Some species of Scarabaeinae beetles have highly specific habitat preferences (Halffter 1991), many of them being unable to occupy areas with open vegetation (Klein 1989; Spector & Ayzama 2003; Almeida & Louzada 2009). Such species are strongly influenced by habitat loss and fragmentation, which may restrict their distribution or even cause their local extinction (Davis & Philips 2005; Hernández & Vaz-de-Mello 2009).

The structure of the environment is important in determining dung beetle community composition (Estrada et al. 1998; Halffter & Arellano 2002). Davis et al. (2001), when working with dung beetles in Borneo, observed that the distribution of species across different environmental characteristics may show discrete associations typical to particular biotypes within the landscape. In the Amazon Forest, Gardner et al. (2008) showed that the richness, abundance, and total biomass of dung beetles are strongly affected in environments of secondary forests and in eucalyptus plantations. In addition, changes in habitat complexity modify not only the communities of insects, but the whole fauna associated with forests, reducing the richness of some taxonomic groups and increasing others (Barlow et al. 2007).

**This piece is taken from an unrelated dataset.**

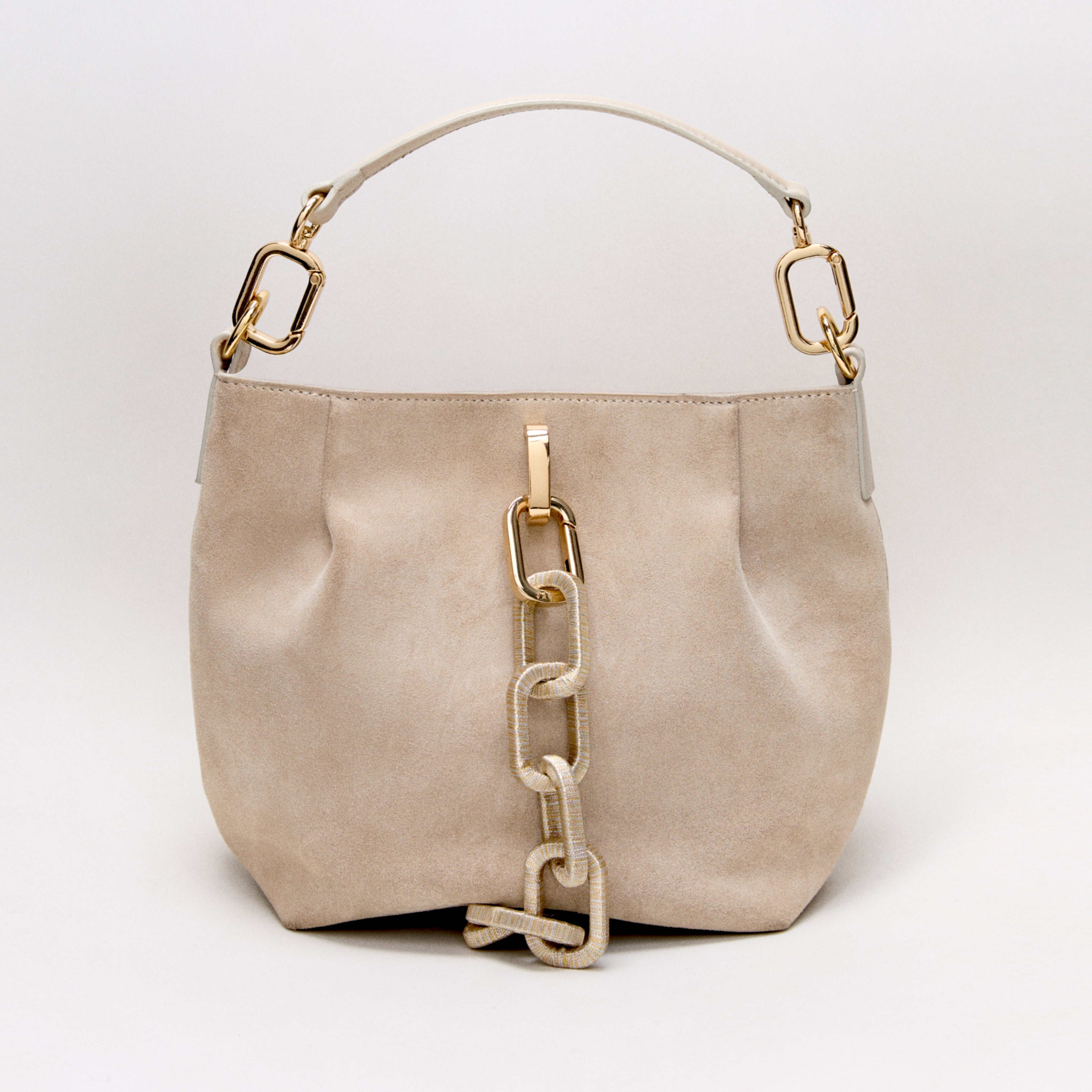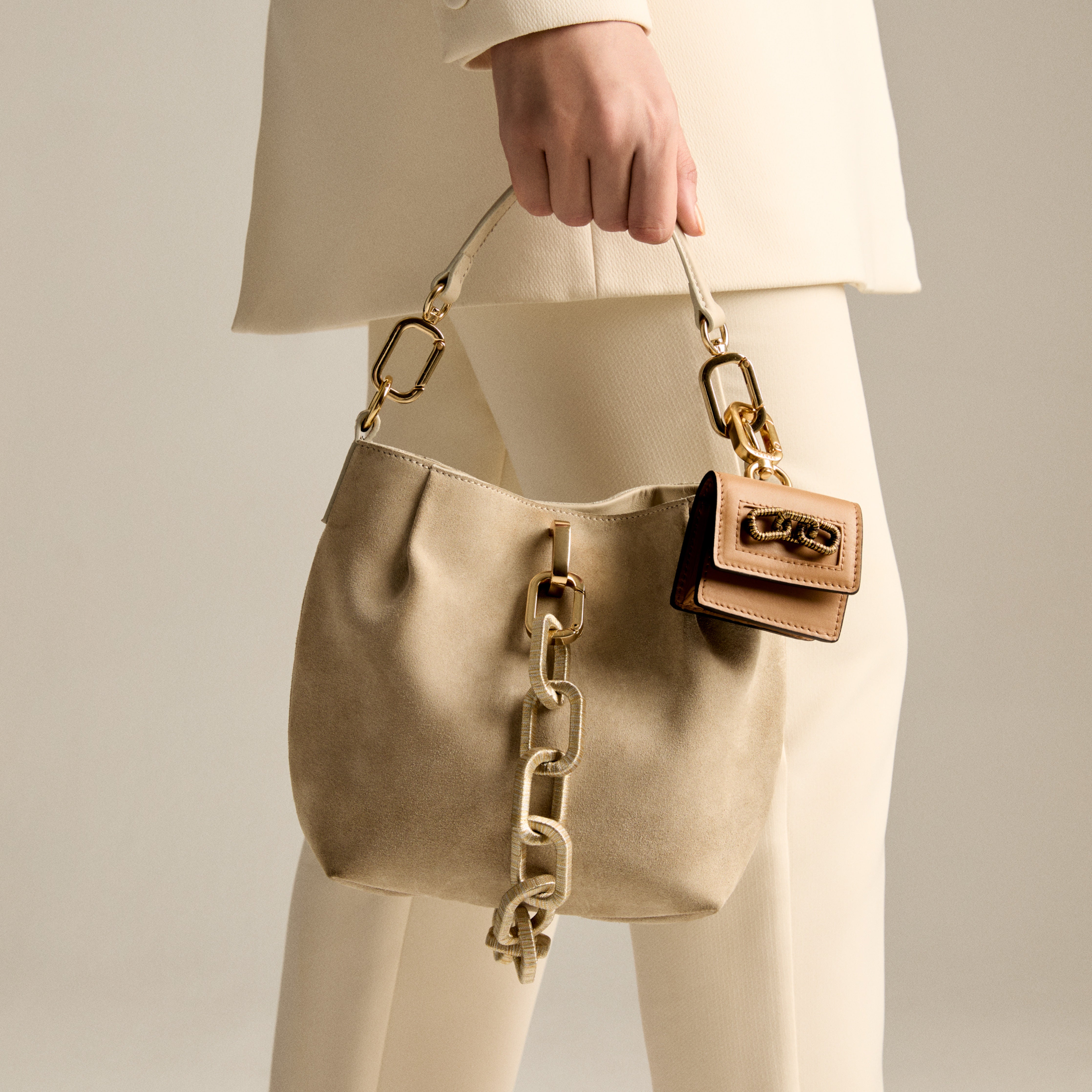 Catena Shoulder Pouch Bag is a petite and elegant shoulder pouch, inspired by soft, sculptural silhouettes that embody refined sophistication. Crafted in Italy by skilled artisans from supple leather or soft suede, it features two detachable straps—one short, one longer—for versatile styling, as well as a Catena chain link strap that drapes like jewelry when not in use.

In the Atlantic Forest of southern and southeastern Brazil, several studies on dung beetles ecology have been carried out recently (e.g. Louzada & Lopes 1997; Medri & Lopes 2001; Hernández & Vaz-de-Mello 2009; Hernández et al. 2011; Lopes et al. 2011; Silva et al., 2011, 2012). Although the state of Santa Catarina has an historical record of 94 species (Vaz-de-Mello 2000), there is only one recent published work in the state on scarabaeid beetles associated with cattle dung, in which only four species were found in Jaragua do Sul (Flechtmann & Rodrigues 1995). Thus, this paper aims to study the diversity of copro-necrophagous beetles that inhabit fragments of Mixed Ombrophilous Forest in the west-central region of the state of Santa Catarina, with the intent to increase knowledge on the ecology of such species in southern Brazil.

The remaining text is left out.